■ **WORK REQUIRED**
For the entries that follow, retype exactly the lines from the one containing "El Gobierno del" to the one containing "Datadog is a", inclusive, and only those. Images stay out of the copy.

■ **INFORMATION**
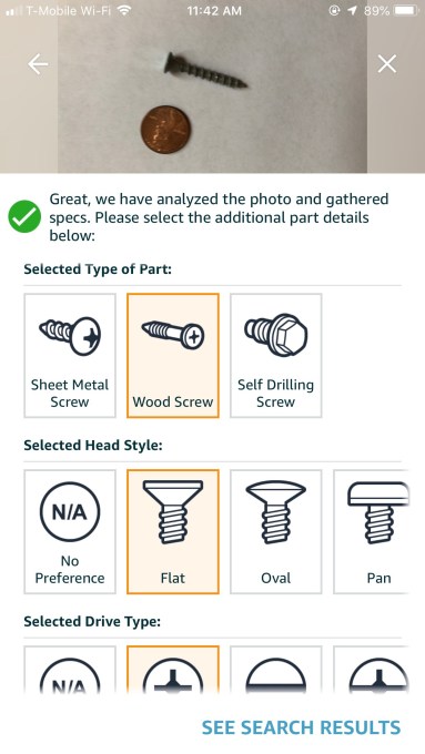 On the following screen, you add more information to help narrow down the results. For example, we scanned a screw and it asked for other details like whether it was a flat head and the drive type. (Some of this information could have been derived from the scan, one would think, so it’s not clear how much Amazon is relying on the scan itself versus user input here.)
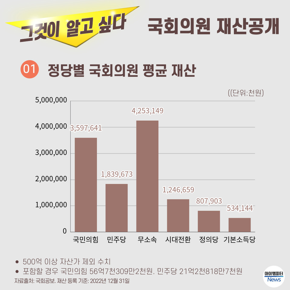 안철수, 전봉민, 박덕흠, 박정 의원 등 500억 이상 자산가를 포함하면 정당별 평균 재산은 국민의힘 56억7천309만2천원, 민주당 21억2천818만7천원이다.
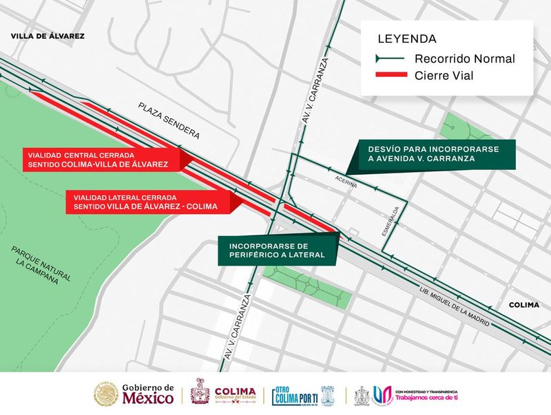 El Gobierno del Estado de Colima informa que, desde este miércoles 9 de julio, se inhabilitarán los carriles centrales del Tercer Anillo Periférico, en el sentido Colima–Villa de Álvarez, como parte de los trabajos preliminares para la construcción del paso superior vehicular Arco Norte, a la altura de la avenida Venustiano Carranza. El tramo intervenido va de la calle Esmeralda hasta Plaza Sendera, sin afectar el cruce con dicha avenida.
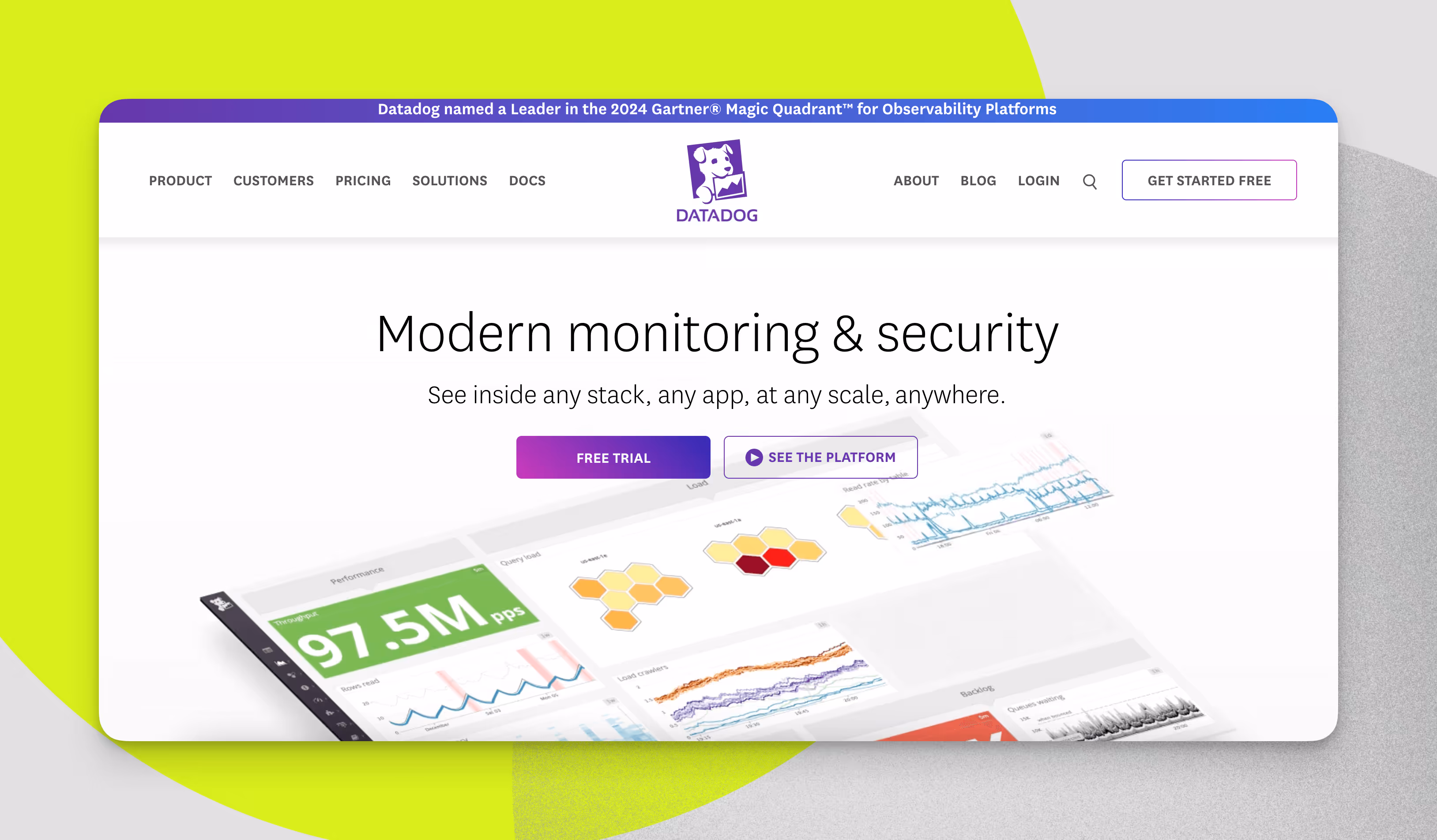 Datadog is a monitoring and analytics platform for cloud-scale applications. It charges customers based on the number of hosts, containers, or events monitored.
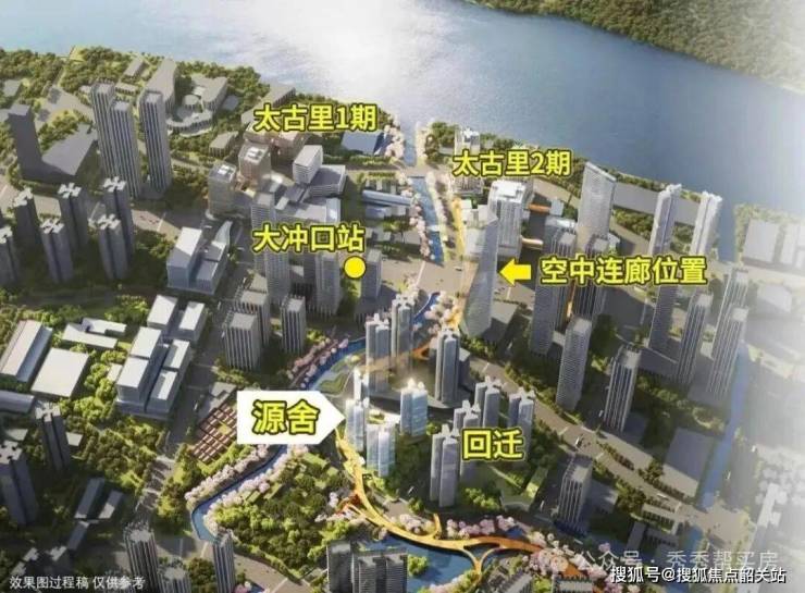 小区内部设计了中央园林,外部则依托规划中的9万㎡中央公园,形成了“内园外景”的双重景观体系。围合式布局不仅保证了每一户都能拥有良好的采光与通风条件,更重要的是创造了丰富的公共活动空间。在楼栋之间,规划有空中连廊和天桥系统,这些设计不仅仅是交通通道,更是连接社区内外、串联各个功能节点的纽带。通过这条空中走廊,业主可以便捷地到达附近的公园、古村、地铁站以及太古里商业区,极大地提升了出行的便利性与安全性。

---

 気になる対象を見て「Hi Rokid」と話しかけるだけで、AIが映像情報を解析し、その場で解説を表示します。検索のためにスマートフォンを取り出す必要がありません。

■ **EXERCISE SOLUTION**
 El Gobierno del Estado de Colima informa que, desde este miércoles 9 de julio, se inhabilitarán los carriles centrales del Tercer Anillo Periférico, en el sentido Colima–Villa de Álvarez, como parte de los trabajos preliminares para la construcción del paso superior vehicular Arco Norte, a la altura de la avenida Venustiano Carranza. El tramo intervenido va de la calle Esmeralda hasta Plaza Sendera, sin afectar el cruce con dicha avenida.
 Datadog is a monitoring and analytics platform for cloud-scale applications. It charges customers based on the number of hosts, containers, or events monitored.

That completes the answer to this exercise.